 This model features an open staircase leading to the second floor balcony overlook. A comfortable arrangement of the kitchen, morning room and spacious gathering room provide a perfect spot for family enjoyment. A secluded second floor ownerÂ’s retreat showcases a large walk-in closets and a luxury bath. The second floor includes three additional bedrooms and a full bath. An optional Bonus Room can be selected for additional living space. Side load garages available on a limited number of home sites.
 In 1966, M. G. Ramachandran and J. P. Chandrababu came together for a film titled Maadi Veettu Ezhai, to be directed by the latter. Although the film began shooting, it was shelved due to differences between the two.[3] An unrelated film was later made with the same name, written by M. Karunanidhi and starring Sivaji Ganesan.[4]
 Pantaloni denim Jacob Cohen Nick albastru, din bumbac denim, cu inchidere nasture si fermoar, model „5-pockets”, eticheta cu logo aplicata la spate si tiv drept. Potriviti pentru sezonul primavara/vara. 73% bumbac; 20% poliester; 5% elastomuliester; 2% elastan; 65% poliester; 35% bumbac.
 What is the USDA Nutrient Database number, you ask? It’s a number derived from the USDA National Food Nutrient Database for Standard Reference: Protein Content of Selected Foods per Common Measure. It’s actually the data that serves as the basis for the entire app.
....
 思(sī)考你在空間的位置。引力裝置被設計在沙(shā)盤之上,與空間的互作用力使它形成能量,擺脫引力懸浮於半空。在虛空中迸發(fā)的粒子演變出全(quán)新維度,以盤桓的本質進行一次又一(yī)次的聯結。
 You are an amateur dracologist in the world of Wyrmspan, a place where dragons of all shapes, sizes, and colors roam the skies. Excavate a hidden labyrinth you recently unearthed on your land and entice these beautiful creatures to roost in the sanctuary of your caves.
....
* **Instructions for the task**:
Starting with the line above that holds "Pantaloni denim Jacob" and stopping with the line that holds "What is the", reproduce each line exactly, omitting all other lines.

* **Task response**:
 Pantaloni denim Jacob Cohen Nick albastru, din bumbac denim, cu inchidere nasture si fermoar, model „5-pockets”, eticheta cu logo aplicata la spate si tiv drept. Potriviti pentru sezonul primavara/vara. 73% bumbac; 20% poliester; 5% elastomuliester; 2% elastan; 65% poliester; 35% bumbac.
 What is the USDA Nutrient Database number, you ask? It’s a number derived from the USDA National Food Nutrient Database for Standard Reference: Protein Content of Selected Foods per Common Measure. It’s actually the data that serves as the basis for the entire app.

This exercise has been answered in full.